The preceding paragraph underscores my point: teachers disparage the research that is produced in the field, yet they neither actually read it nor do they engage in their own action research. They want to make decisions on teaching based on how it “feels,” rather than what has been proved to work in similar classrooms with similar demographics. Or, worse, they continue to do things that have been demonstrated NOT to work, and not just in other classrooms with similar demographics, but in their own classrooms.
Until teachers begin to acquaint themselves with the research base and to contribute to it by conducting their own classrooms as action research laboratories (which is essentially what the National Board for Professional Teaching Standards outlines in its certification process), they will never gain the respect commensurate with medical professionals.
ScienceTeacher671 expresses precisely the type of comment that most teachers hurl when confronted with the simple fact that they are not researchers or scholars: “Oh yeah? Well, neither is anyone in admin or DOE.” That’s just ridiculous. While there are no doubt some weak administrators out there, there are many, many of them who not only know the research base, but they contribute to it as well.
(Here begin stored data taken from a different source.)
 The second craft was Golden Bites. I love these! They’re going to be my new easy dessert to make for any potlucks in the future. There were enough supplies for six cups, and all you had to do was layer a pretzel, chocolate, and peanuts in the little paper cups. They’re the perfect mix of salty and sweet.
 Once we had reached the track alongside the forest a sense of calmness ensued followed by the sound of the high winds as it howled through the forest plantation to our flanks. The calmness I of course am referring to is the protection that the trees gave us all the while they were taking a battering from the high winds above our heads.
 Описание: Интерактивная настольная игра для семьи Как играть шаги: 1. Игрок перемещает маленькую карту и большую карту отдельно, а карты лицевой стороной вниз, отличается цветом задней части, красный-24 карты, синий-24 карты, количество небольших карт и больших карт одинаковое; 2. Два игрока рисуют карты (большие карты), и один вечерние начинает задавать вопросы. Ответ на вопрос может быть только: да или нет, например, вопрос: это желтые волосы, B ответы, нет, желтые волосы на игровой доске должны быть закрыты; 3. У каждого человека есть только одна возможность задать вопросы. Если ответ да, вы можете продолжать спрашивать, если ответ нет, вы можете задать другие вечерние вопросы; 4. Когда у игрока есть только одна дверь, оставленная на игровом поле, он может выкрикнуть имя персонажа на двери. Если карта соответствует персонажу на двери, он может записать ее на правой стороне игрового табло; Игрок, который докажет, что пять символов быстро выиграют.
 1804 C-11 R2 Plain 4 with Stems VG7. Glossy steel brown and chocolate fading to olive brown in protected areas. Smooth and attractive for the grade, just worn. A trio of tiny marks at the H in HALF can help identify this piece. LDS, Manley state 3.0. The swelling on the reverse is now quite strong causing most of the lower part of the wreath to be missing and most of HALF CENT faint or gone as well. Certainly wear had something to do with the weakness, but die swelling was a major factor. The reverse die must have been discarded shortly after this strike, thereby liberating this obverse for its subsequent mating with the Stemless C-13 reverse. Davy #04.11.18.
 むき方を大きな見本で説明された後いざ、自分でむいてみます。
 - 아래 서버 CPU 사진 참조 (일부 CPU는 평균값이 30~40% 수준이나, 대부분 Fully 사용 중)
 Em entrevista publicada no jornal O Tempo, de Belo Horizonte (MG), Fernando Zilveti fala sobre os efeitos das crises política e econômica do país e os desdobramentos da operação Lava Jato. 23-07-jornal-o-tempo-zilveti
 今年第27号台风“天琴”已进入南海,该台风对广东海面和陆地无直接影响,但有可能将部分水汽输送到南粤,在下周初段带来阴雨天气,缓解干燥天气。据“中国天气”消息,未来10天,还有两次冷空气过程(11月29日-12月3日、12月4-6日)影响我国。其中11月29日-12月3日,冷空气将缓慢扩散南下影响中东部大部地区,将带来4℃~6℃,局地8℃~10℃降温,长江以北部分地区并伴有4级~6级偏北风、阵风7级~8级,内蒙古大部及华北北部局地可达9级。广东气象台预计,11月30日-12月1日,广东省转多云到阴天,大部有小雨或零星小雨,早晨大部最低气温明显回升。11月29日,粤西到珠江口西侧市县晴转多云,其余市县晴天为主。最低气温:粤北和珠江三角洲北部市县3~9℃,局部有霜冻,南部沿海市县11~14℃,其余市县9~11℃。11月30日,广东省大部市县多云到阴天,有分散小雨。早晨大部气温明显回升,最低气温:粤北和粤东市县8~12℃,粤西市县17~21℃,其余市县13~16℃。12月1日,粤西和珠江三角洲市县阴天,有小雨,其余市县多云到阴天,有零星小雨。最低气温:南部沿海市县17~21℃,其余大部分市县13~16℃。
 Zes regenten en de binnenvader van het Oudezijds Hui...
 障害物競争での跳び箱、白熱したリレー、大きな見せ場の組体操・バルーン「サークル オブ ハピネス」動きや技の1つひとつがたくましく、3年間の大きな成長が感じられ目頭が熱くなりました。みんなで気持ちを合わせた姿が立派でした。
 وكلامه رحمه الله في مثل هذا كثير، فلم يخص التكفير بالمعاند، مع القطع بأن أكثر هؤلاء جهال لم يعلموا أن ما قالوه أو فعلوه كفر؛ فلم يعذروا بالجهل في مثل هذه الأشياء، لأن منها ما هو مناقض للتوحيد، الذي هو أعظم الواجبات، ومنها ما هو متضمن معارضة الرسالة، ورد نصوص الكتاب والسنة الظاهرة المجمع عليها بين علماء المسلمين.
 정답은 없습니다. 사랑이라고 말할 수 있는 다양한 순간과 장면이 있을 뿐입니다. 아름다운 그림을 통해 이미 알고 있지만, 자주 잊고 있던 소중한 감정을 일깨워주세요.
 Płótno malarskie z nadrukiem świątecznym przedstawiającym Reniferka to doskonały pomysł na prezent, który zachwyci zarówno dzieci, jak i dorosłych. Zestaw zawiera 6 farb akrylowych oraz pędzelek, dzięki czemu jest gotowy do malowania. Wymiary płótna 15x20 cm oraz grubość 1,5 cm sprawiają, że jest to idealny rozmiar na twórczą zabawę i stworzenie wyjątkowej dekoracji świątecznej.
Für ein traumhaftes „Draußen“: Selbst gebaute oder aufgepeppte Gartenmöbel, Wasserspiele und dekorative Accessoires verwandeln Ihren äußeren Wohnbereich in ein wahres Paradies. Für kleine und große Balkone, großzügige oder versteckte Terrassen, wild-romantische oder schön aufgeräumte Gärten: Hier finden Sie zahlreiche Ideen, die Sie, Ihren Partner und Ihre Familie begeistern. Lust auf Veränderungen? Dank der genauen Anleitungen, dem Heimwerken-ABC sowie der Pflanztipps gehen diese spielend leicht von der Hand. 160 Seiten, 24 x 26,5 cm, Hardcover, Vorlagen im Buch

I know a substantial number of folks at GaDOE, the SC state department of education, the NC department of public instruction, and the Massachusetts department of elementary & secondary education. They are well-grounded in the knowledge base.
mountain man’s sarcasm is likewise the resort of those who haven’t bothered to do the actual reading. The main problem has not been “social promotion”–which is in fact a symptom of a much larger underlying problem. The issues contributing to social promotion are complex; one assumption of many people is that the quality and type of instruction provided to all students in every classroom is equally strong and effective and that all teachers are equally competent and capable, and if a student didn’t “get it,” then the problem lies with the student. Above the primary and young elementary grades, there is not a whole lot of effective remediation that occurs in many schools. Much of the time it is simply reteaching the same concepts the same way, adjusting only the size of the group (via pullout or after school tutorial) and the amount of time spent–but the teaching is still done essentially the same way.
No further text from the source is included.